The most frequent form of JIA-U was CAU (79%) (Table 2). Fifty-three percent of patients had bilateral involvement, and there was a total of 29 affected eyes. Twenty-four percent of affected eyes experienced a single episode. More than 60% of patients did not respond to topical treatment or experienced recurrence afterward and required subcutaneous methotrexate (12/19), usually combined with biologic agents (14/19), chiefly tumour necrosis factor (TNF) inhibitors (adalimumab and infliximab); in 2 patients, treatment with methotrexate was discontinued due to poor tolerance or adverse events, and they are currently in treatment with intravenous tocilizumab. There were complications in 12 of the 19 patients and 16 of the 29 involved eyes (55%).

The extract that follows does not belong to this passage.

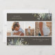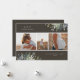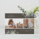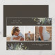 Bonito acuarela, decoración de invierno, tres tarjetas de vacaciones fotográficas. Características de la carta, vegetación de invierno en tonos suaves de azul y verde con fondo de color arena gris. La plantilla proporciona dos espacios para el texto del personalizado y tres fotos.

The fact that approximately half of the patients with JIA-U developed complications illustrates the relevance of this disease. In this regard, we ought to highlight that despite the JIA-U activity, only 4 out of the 23 patients experienced moderate to severe loss of VA. Although the morbidity associated with JIA-U has improved in recent years with the use of new therapies, there is a significant rate of recurrence after treatment discontinuation.5
Given the risk of developing uveitis and the frequency of associated complications, an ophthalmologic evaluation must be performed at diagnosis of JIA,4,6 with subsequent follow-up evaluations every 3–12 months based on the risk of uveitis.6
In short, uveitis is a frequent complication of JIA associated with considerable morbidity. Paediatricians must be aware of the need to refer any child diagnosed with JIA to units with experience in this disease where the patient can receive any needed topical, immunosuppressive or surgical treatment, a process that should be facilitated by hospitals, with close communication between ophthalmology and rheumatology providers.